** RECORD EXTRACTS follows **

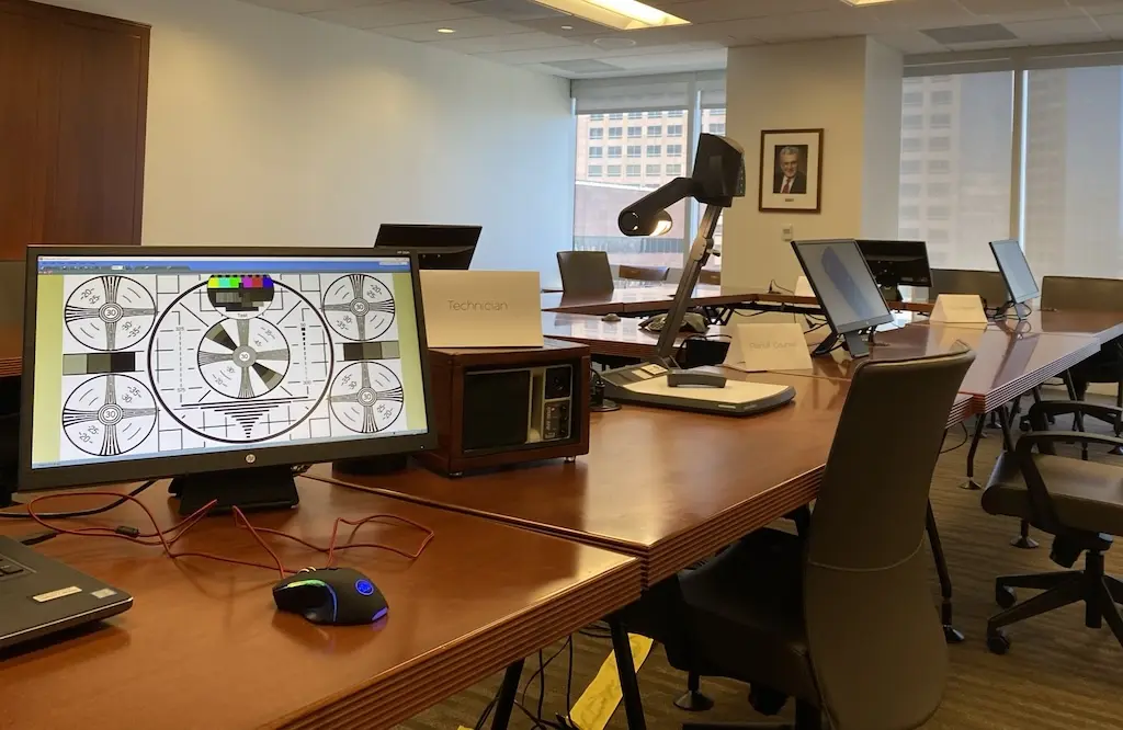 Una vez preparados todos los materiales, los abogados seleccionan un jurado y Stary visita la sala del tribunal para determinar las necesidades audiovisuales. Con el permiso del juez, conecta un divisor HDMI al monitor del estrado de los testigos y lleva la señal del divisor a un U-TAP y a su ordenador portátil. Esto le permite capturar las principales pruebas presentadas y admitidas por el juez con el software Open Broadcaster Software (OBS). Durante el proceso, el alguacil regula quién puede presentar en este monitor y en otros.
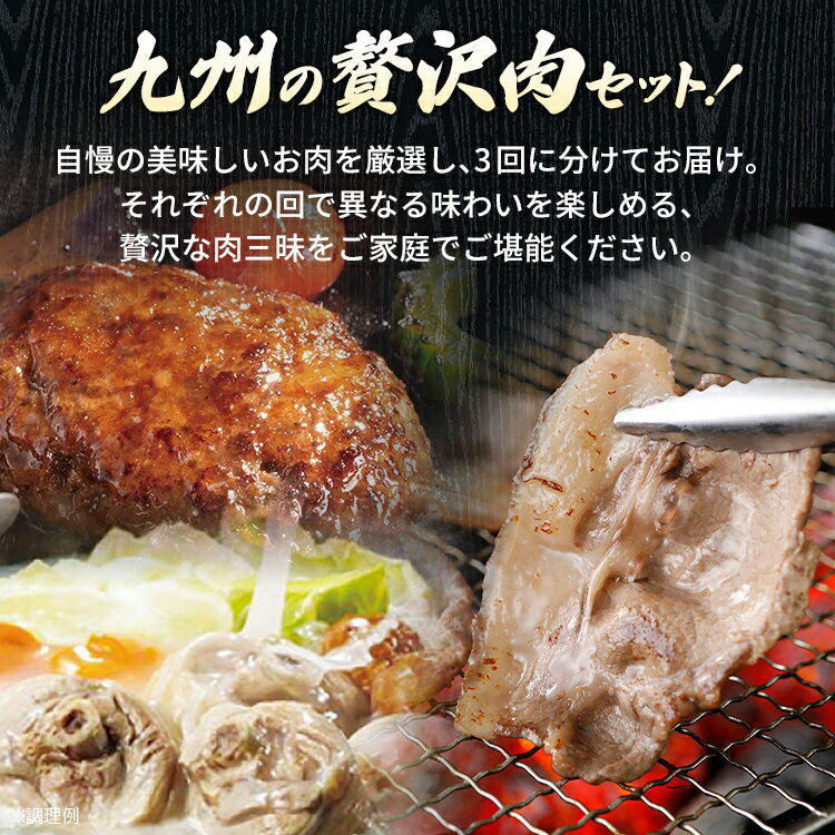 - 【ふるさと納税】定期便 肉 全3回 みやこ自慢のふるさと便・肉 毎月 定期便 猪肉 ハンバーグ はかた地どり ジビエ BBQ 焼肉 地鶏 キャンプ 黒毛和牛 惣菜 晩御飯 晩ご飯 宮崎牛 食べ比べ 福岡県 福岡 九州 グルメ お取り寄せ
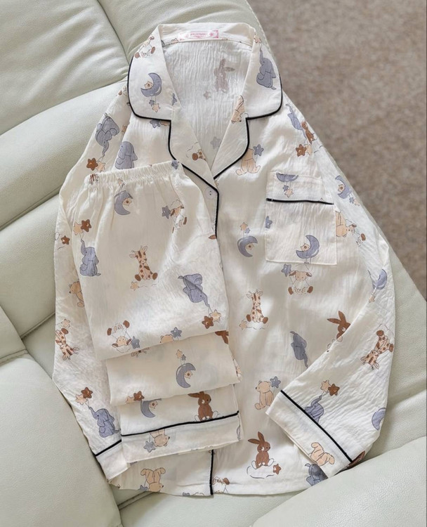 ست بلوزاستین بلندباشلوار نخ موسلین وارداتی
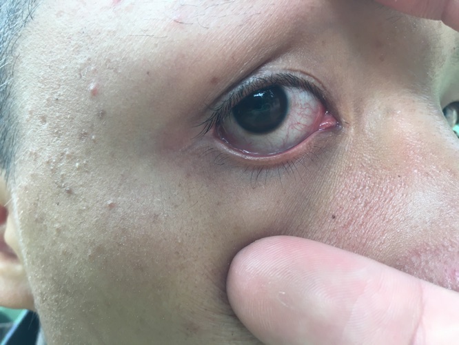 E chào bác sĩ ạ. E đang bị đau mắt đỏ. Đêm ngủ bị chảy nước mắt kèm theo ngứa. Hiện tại e đang sử dụng thuốc tobradex mà k thấy hiệu quả ạ. Bác sĩ cho e hỏi mắt e bị sao vậy ạ
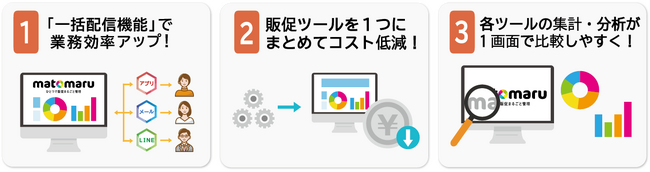 1.アプリ・メール・LINEの各ユーザーへ「一括配信」!
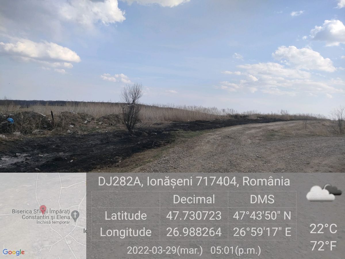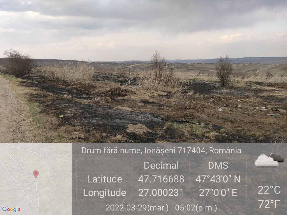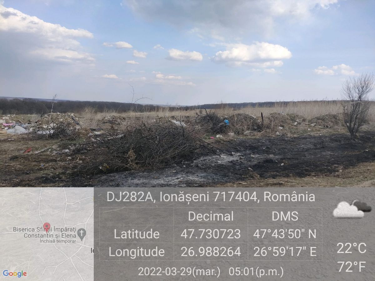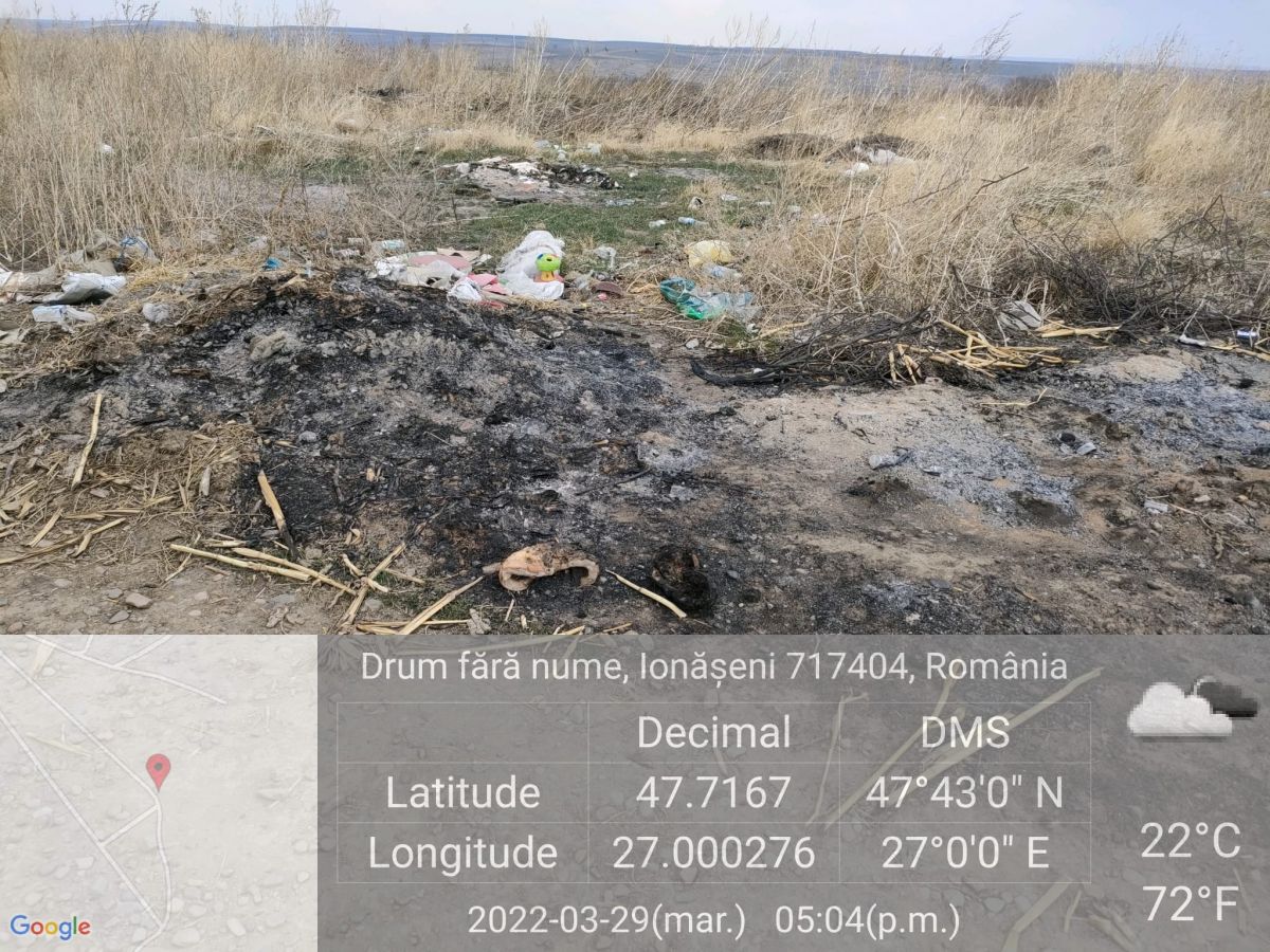 În data de 28 martie 2022 echipa de permanență din cadrul Garda de Mediu Botoșani a fost sesizată prin serviciul 112 despre un incendiu de vegetație și incendieri de deșeuri menajere în amestec cu resturi vegetale. Pentru amplasamentul sesizat, verificat de comisarii de mediu se stabilise anterior măsuri de salubrizare, DAR NU PRIN INCENDIERE.

** End of RECORD EXTRACTS **

The lines from the one containing "- 【ふるさと納税】定期便 肉" to the last line of the records, both included: print exactly those and nothing else, leaving out any pictures.

REPLY =
 - 【ふるさと納税】定期便 肉 全3回 みやこ自慢のふるさと便・肉 毎月 定期便 猪肉 ハンバーグ はかた地どり ジビエ BBQ 焼肉 地鶏 キャンプ 黒毛和牛 惣菜 晩御飯 晩ご飯 宮崎牛 食べ比べ 福岡県 福岡 九州 グルメ お取り寄せ
 ست بلوزاستین بلندباشلوار نخ موسلین وارداتی
 E chào bác sĩ ạ. E đang bị đau mắt đỏ. Đêm ngủ bị chảy nước mắt kèm theo ngứa. Hiện tại e đang sử dụng thuốc tobradex mà k thấy hiệu quả ạ. Bác sĩ cho e hỏi mắt e bị sao vậy ạ
 1.アプリ・メール・LINEの各ユーザーへ「一括配信」!
 În data de 28 martie 2022 echipa de permanență din cadrul Garda de Mediu Botoșani a fost sesizată prin serviciul 112 despre un incendiu de vegetație și incendieri de deșeuri menajere în amestec cu resturi vegetale. Pentru amplasamentul sesizat, verificat de comisarii de mediu se stabilise anterior măsuri de salubrizare, DAR NU PRIN INCENDIERE.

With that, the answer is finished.